Outre les musiciens des musiques actuelles qui utilisent le clavecin dans leurs chansons/reprises/orchestrations , certains interprètes modernisent plutôt son répertoire. Dans les années 1970, les reprises de Bach au synthétiseur modulaire Moog dans des albums intitulés "Switched on Bach"  ont apporté à Wendy Carlos un immense succès, dont trois Grammys et le soutien de Glenn Gould, interprète légendaire de l’œuvre de Bach.

Wendy Carlos
Wendy Carlos
© Getty - Len DeLessio

Plus récemment, le duo français Scarlatti Goes Electro apporte un souffle nouveau aux fameuses sonates du compositeur italien. Coiffés de perruques et habillés en costume d’époque, Antoine Souchav’,  (claveciniste de formation) et Michel Bananes Jr (pianiste) revisitent ces sonates au synthétiseur. Projet humoristique, mais abordé avec beaucoup de sérieux, Scarlatti Goes Electro s’adresse avant tout à ceux qui ne connaissent pas cette musique, ce répertoire, et non à un public d’expert. 
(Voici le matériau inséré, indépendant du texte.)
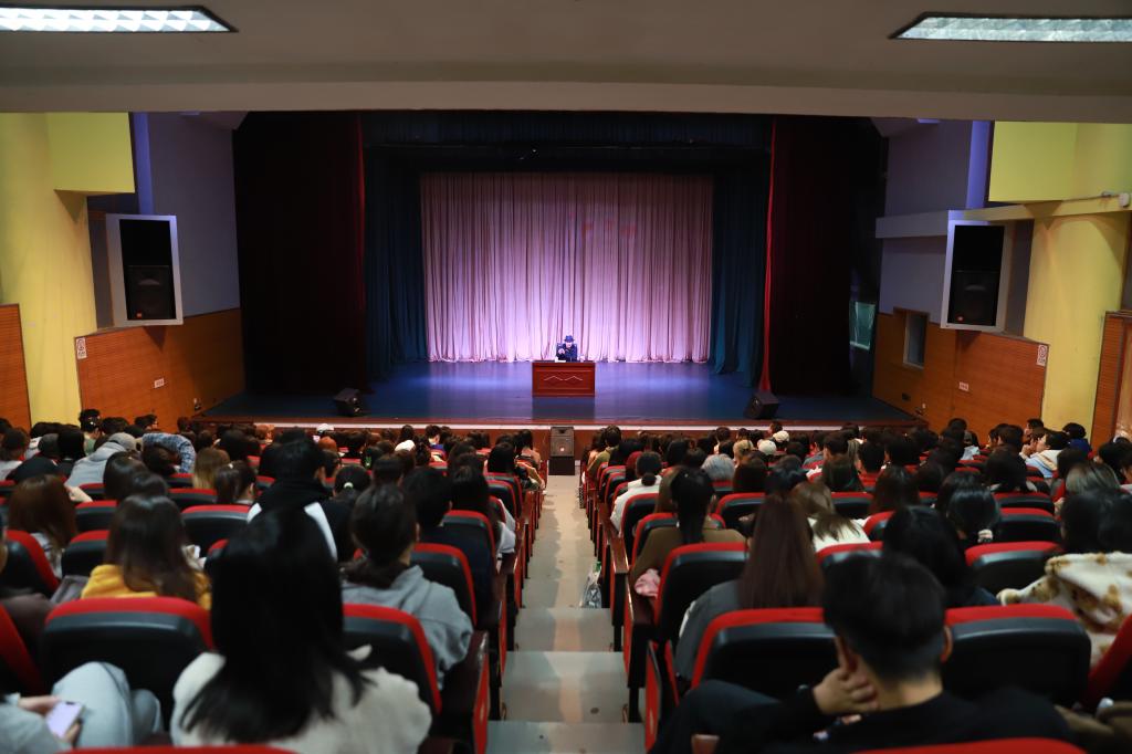 的办学宗旨、理念和教学特色。他结合自己的演艺生涯,勉励同学们要深刻认识自己所处的新时代,努力认清当下国家、学校以及自己所学专业领域的新形势、新变化,鼓励同学们珍惜美好的大学校园生活,多读书、多实践、多感受,不断培养提升自己的艺术敏锐性和感悟力,紧跟时代步伐,不忘初心,将来做一名对国家对社会有贡献的时代新人。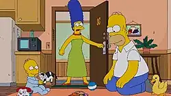 ![]() Marge (ao centro) se espanta com o afeto de Homer (à direita) a Homer Jr. (à esquerda). | |||||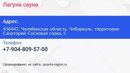 Лагуна, сауна по адресу 456447, Челябинская область, Чебаркуль, территория Санаторий Сосновая горка, 5 в дальнейшем Организация, размещена в следующих категориях: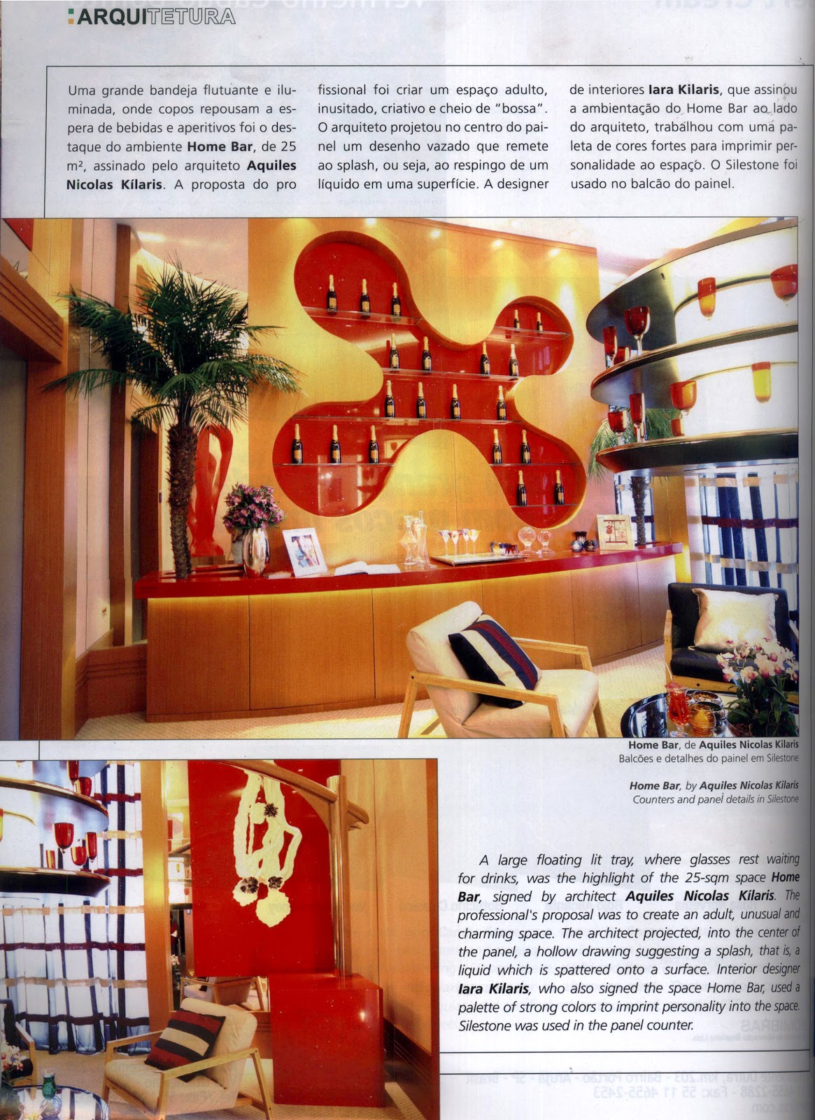 A revista Rochas de Qualidade, número 226, publicou na capa a Casa das Águas, projetada pelo arquiteto Aquiles Nicolas Kílaris. Na matéria sobre a mostra Casa Cor São Paulo 2012, o ambiente Home Bar, que teve ambientação da designer de interiores e paisagista Iara Kílaris, foi um dos destaques.

« Le meilleur moyen de combattre les clichés c’est de les assumer, afin qu’ils s’effondrent sur eux-mêmes. […] Effectivement, le clavecin est un instrument extrêmement archaïque, mais c’est justement ça son avantage. Tout l’enjeu de cet instrument c’est « que faisons-nous avec ces énormes contraintes ? ». Il faut assumer ce cliché, même presque le revendiquer. »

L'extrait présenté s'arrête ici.